### [TASK GOAL]
Once the images are set aside, print the remaining lines below exactly.

___ DATA ___

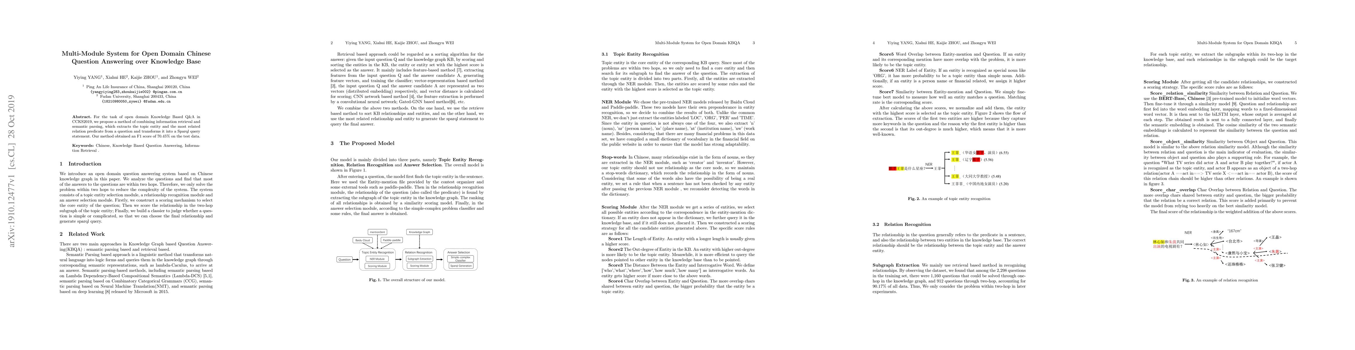 This paper proposes a multi-module system for open domain Chinese question answering that combines information retrieval and semantic parsing to transform questions into Sparql queries, achieving a test F1 score of 70.45%. The system extracts key entities and relations from questions to enhance query accuracy.
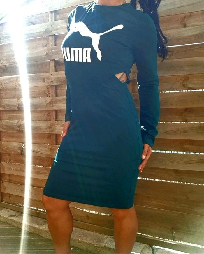 Robe Puma à découpes vert sapin À porter en journée Ras du cou Logo Puma emblématique Fentes sur les côtés Fermeture éclair au dos Coupe moulante près du corps Neuve jamais portée 🌷 PRIX FERME ET FIXE ET DÉFINITIF 🌷
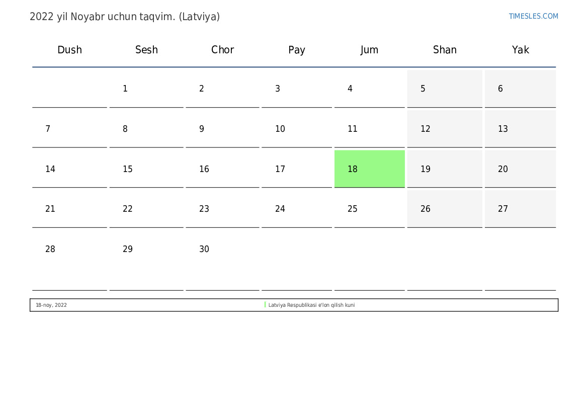 Latviya uchun 2022 yil Noyabr uchun ta'til va dam olish kunlari bilan PDF taqvimini yuklab oling va chop eting
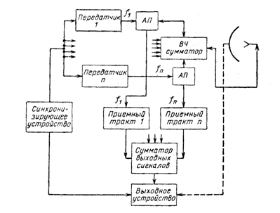 В РЛС первого типа имеется несколько передатчиков, работающих на различных частотах f1, f2, . . ., fn и запускаемых общим синхронизирующим устройством (рис. 12). Высокочастотные колебания поступают в волноводный сумматор и затем подводятся к облучателю зеркала антенны. Таким образом создается один луч, в пределах которого излучаются радиоволны различной длины. Принятые сигналы от антенны поступают к п приемникам, предназначенным для раздельной обработки сигналов на разных частотах.
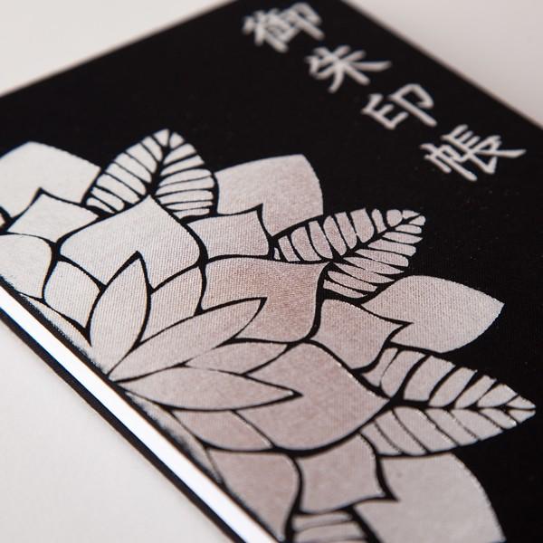 本身は48ページ、サイズは12cm x 18cm。一般的な小型御朱印帳より一回り大きく、迫力ある御朱印が頂けます。2枚の紙を貼り合わせていますので、墨の裏移りがしにくい仕様になっています。また、メール便での発送ご希望の場合は送料無料となります。
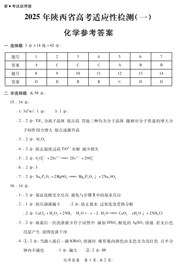 陕西省2025届高考适应性检测(一)化学答案
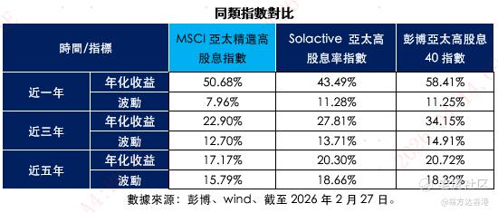 正因为如此,MSCI亚太精选高股息指数的风险收益效率明显领先于同类指数。近一年,该指数波动率仅为7.96%,显著低于香港市场上的其他亚太高股息指数。把时间拉长至3年和5年维度,指数波动率亦整体更低,体现出更优的风险收益特征。
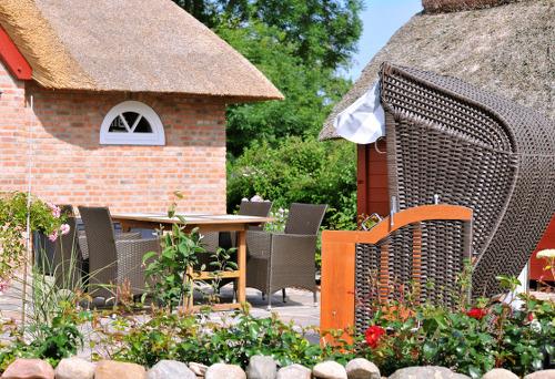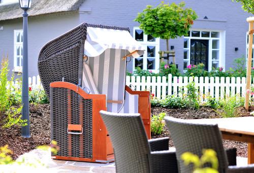 Eine separate [nbsp]Terrasse mit Strandkorb und Gartenmöbeln sowie ein eigener Gartenl bieten Ruhe und Entspannung.

___

### [ANSWER TO THIS EXERCISE]
 This paper proposes a multi-module system for open domain Chinese question answering that combines information retrieval and semantic parsing to transform questions into Sparql queries, achieving a test F1 score of 70.45%. The system extracts key entities and relations from questions to enhance query accuracy.
 Robe Puma à découpes vert sapin À porter en journée Ras du cou Logo Puma emblématique Fentes sur les côtés Fermeture éclair au dos Coupe moulante près du corps Neuve jamais portée 🌷 PRIX FERME ET FIXE ET DÉFINITIF 🌷
 Latviya uchun 2022 yil Noyabr uchun ta'til va dam olish kunlari bilan PDF taqvimini yuklab oling va chop eting
 В РЛС первого типа имеется несколько передатчиков, работающих на различных частотах f1, f2, . . ., fn и запускаемых общим синхронизирующим устройством (рис. 12). Высокочастотные колебания поступают в волноводный сумматор и затем подводятся к облучателю зеркала антенны. Таким образом создается один луч, в пределах которого излучаются радиоволны различной длины. Принятые сигналы от антенны поступают к п приемникам, предназначенным для раздельной обработки сигналов на разных частотах.
 本身は48ページ、サイズは12cm x 18cm。一般的な小型御朱印帳より一回り大きく、迫力ある御朱印が頂けます。2枚の紙を貼り合わせていますので、墨の裏移りがしにくい仕様になっています。また、メール便での発送ご希望の場合は送料無料となります。
 陕西省2025届高考适应性检测(一)化学答案
 正因为如此,MSCI亚太精选高股息指数的风险收益效率明显领先于同类指数。近一年,该指数波动率仅为7.96%,显著低于香港市场上的其他亚太高股息指数。把时间拉长至3年和5年维度,指数波动率亦整体更低,体现出更优的风险收益特征。
 Eine separate [nbsp]Terrasse mit Strandkorb und Gartenmöbeln sowie ein eigener Gartenl bieten Ruhe und Entspannung.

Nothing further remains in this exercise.